Phoebe Judge on making her hit true crime podcast, Criminal

For someone who makes a hit true crime podcast, Phoebe Judge doesn't listen to a lot of true crime.

'I think we've chosen a very lucky topic.'

Phoebe Judge is the co-creator and host of hit true crime podcast Criminal. While in town for the Hot Docs Podcast festival she let us sneak a peek at her podcast feed. (Justin Cook)

Surprisingly, for someone who makes a hit true crime podcast, Phoebe Judge doesn't listen to a lot of other shows in her genre.

"I mean, we we just keep our heads down and we make the show," Judge, the co-creator and host of Criminal, told Podcast Playlist host Lindsay Michael.

Whether the episode is about spending the day in an Austin, Texas police car, or talking to a kid who went on the run with his parents, or delving into the for-profit prison system, Criminal's success lies in its broad definition of crime.

"I think we've chosen a very lucky topic," she said.

Over a hundred episodes later, Judge and her co-creator Lauren Spohrer are in no danger of running out of ideas.

"I've always thought that a real true crime fan listening to Criminal might be a little bit disappointed," she said. "It is a true crime show but it's also just a show about the human experience."

She and her producers are particular about the kinds of stories they choose to explore.

They don't talk to historians, lawmakers, experts or politicians. They search, instead, for those with a personal connection with the event. 

"We really like to talk to someone who's a character," she said.

Surprise is also a key element to each episode; she calls it a "Criminal twist."

Four years in, the show producers instinctively know a Criminal story when they see it.

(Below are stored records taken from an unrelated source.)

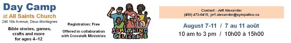 On Saturday April 22nd at 2pm, All Saints Church, at 248 18th Avenue, is holding its Spring Afternoon Tea. Tea is served in fine china along with finger sandwiches and a selection of pastries. The cost is $15. Reservations are required and can be obtained by contacting Kathleen at 450-472-3065 or by e-mail at pilkington@sympatico.ca.
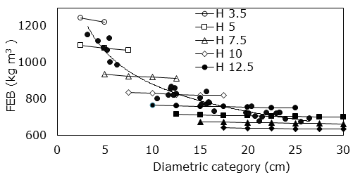 Enes and Fonseca (2014) recorded a similar tendency of variable FEB for natural stands of Pinus pinaster Ait in the North of Portugal. According to Konôpka et al. (2015), the variable FEB decreases progressively as a contribution of tree components that changes with the increase in tree size (D and H), in which a significant change is observed for smaller individuals.
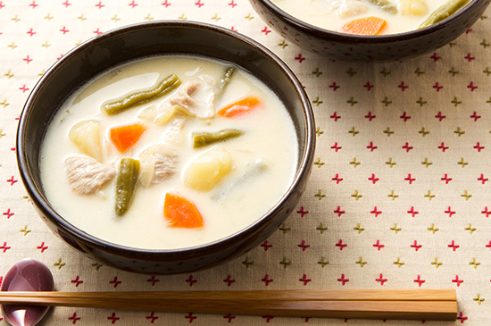 シチュー風、野菜たっぷり・あったかメニュー♪カロリーが高くなりがちなシチューですが、風味そのまま・低カロリーに。
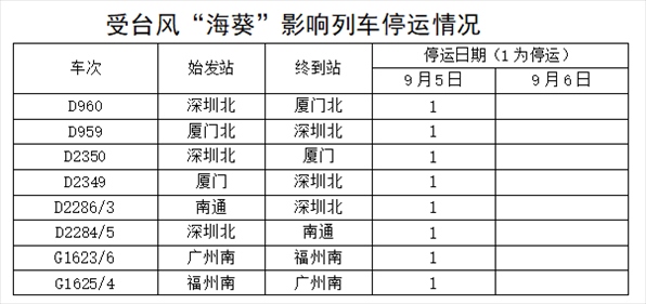 臺風(fēng)“海葵”登陸 南鐵動態(tài)調(diào)整旅客列車運行方案
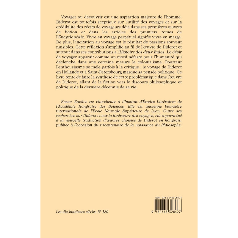 Voyager ou découvrir est une aspiration majeure de l’homme. Diderot est toutefois sceptique sur l’utilité des voyages et sur la crédibilité des récits de voyageurs déjà dans ses premières oeuvres de fiction et dans les articles des premiers tomes de l’Encyclopédie. Vivre en voyage perpétuel signifie vivre en marge. De plus, l’incitation au voyage est le résultat de passions souvent nuisibles. Cette réflexion s’amplifie au fil de l’oeuvre de Diderot et surtout dans ses contributions à l’Histoire des deux Indes. Le désir de voyager apparaît comme un motif néfaste pour l’humanité qui déclenche dans une certaine mesure le colonialisme. Pourtant l’enthousiasme se mêle parfois à la critique : le voyage de Diderot en Hollande et à Saint-Pétersbourg marque sa pensée politique. Ce livre tente de faire la synthèse de cette problématique dans l’oeuvre de Diderot, allant de la fiction vers le discours philosophique et politique de la dernière décennie de sa vie.
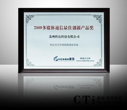 CTI論壇(ctiforum)3月29日消息(記者 袁青):近日,在《中國(guó)多媒體通信》雜志及視頻天空網(wǎng)強(qiáng)勢(shì)啟動(dòng)的“2009年度中國(guó)多媒體通信行業(yè)大獎(jiǎng)”評(píng)選活動(dòng)中,科達(dá)VCS可視指揮調(diào)度系統(tǒng)以其產(chǎn)品的專(zhuān)業(yè)性、直觀性、準(zhǔn)確性及有效性榮獲2009中國(guó)多媒體通信行業(yè)“創(chuàng)新產(chǎn)品獎(jiǎng)”。
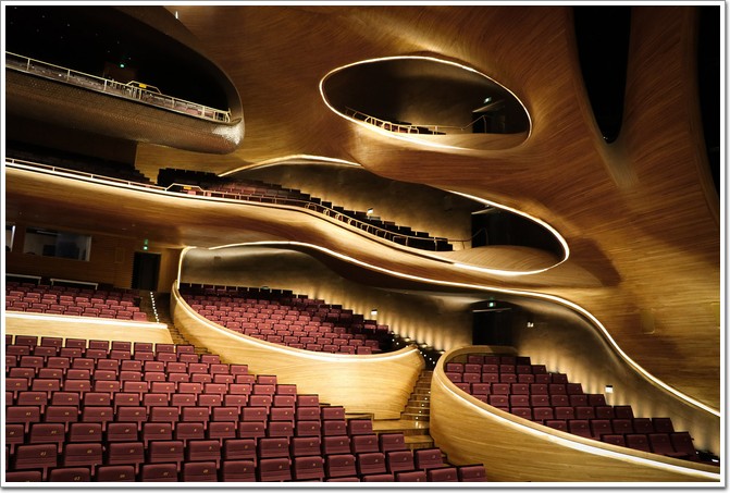 而在大劇院內部大堂頂部巨大的天窗成為焦點,陽光通過天窗上金字塔般的結晶幕墻單元傾瀉而入,灑滿整個大堂。考慮到劇院本身所需要的聲學效果,設計師選擇了質感溫暖的水曲柳木材,做成環繞大劇場室內外的曲面墻體,兼顧美觀與功能。
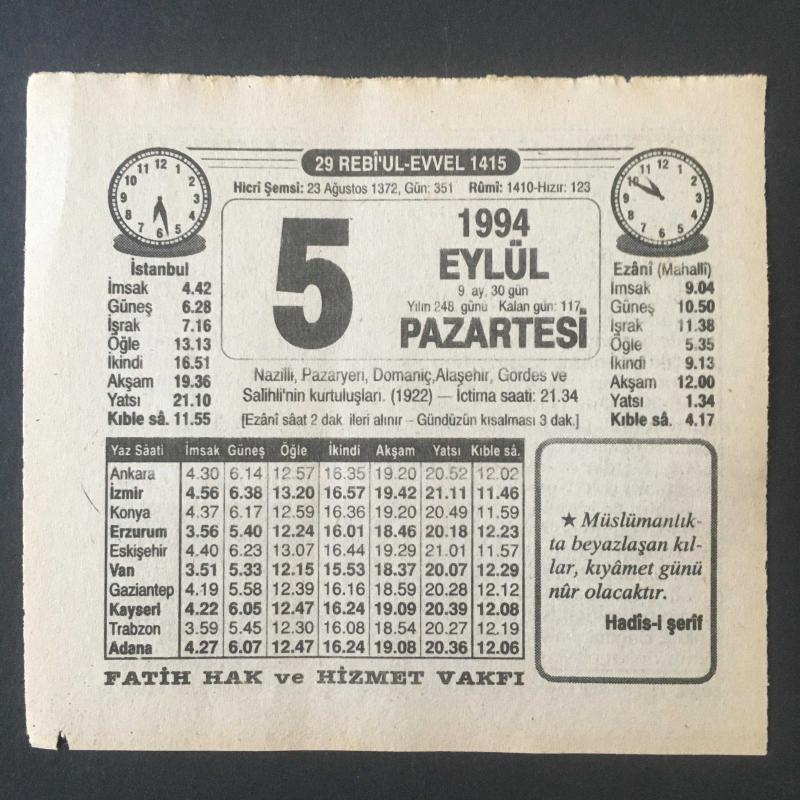 5 EYLÜL 1994 -TAKVİM YAPRAĞI-DOĞUM GÜNÜ HEDİYESİ-FATİH HAK VE HİZMET VAKFI TAKVİMİ,NAZİLLİ PAZARYERİ DOMANİÇ ALAŞEHİR GÖRDES VE SALİHLİNİN KURTULUŞLARI 1922,ABDULHAMİD VE İNGİLİZLER,ŞOFBEN MONTAJI,KAHVALTI başlıklı ürün, Efemera, Müzik, Sinema > Belge ve Evraklar > Takvimler kategorisi altında İkinci El olarak satılmaktadır.
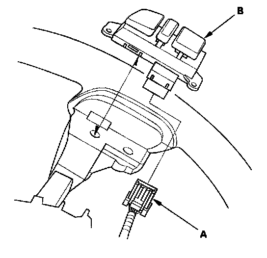 4. Disconnect the 7P connector (A), then remove the cruise control set/decel, resume/accel, cancel switch (B).
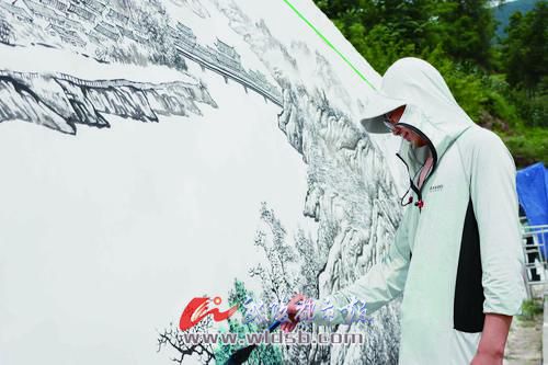 位于两细路细水村路段,墙绘设计师及创作团队正对新设计的墙绘进行上色,一幅百米画卷,串联起了“中国峡谷城·武陵会客厅”的“峡、江、山、水、城”,黔江“幽、险、清、奇、美”的诗意山水跃然墙上。
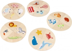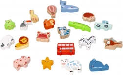 Duurzame houten vormen met dieren, voertuigen en voorwerpen motiveren tot leren en vrij spel. Gladde randen zijn veilig voor kleine handjes.
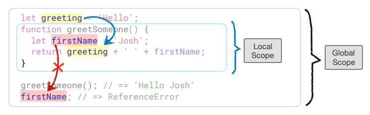 - Global Scope: 최상단 Scope. 여기서 생성한 전역 변수는 어디에서든 접근 가능.
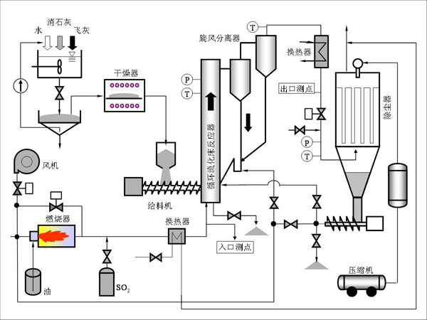 脫硫通過水合鈣基脫硫劑在反應器內的循環實現,脫硝通過向反應器內噴入氨完成,并可同時脫除煙氣中的氯等腐蝕性氣體和砷、硒等有害痕量元素。
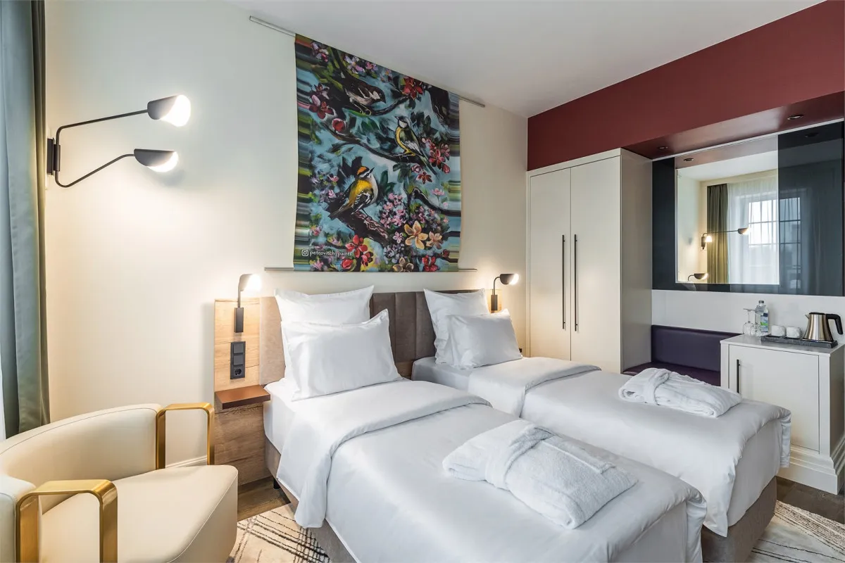 две односпальные кровати, зона отдыха, вид на город или во двор. Количество гостей: 2

"We sit around and look at each other and pitch story ideas and we kind of know. 'Well that's a Criminal story.' We've created this aesthetic."

The four year itch

Earlier this year, Judge and her production team launched This Is Love, a new podcast, this time all about love.

"It was our time to stretch our wings and try something new," she said.

Love seemed like a natural follow to crime because they could take the same broad approach when searching for stories.

"They're both rather taboo. They're both things we experience in different ways," she said.

"We want to know about people's experiences who have been involved in crime or in love because we know that at any moment we have the possibility to step over to that other side," she explained.

"It's just, are we going to go into this unknown?"

Even though it was hard work to make the show, for Judge, it was cathartic. She was happy to do it.

"It gives a good break from Criminal for a minute. And I think it's made Criminal stronger," she admitted.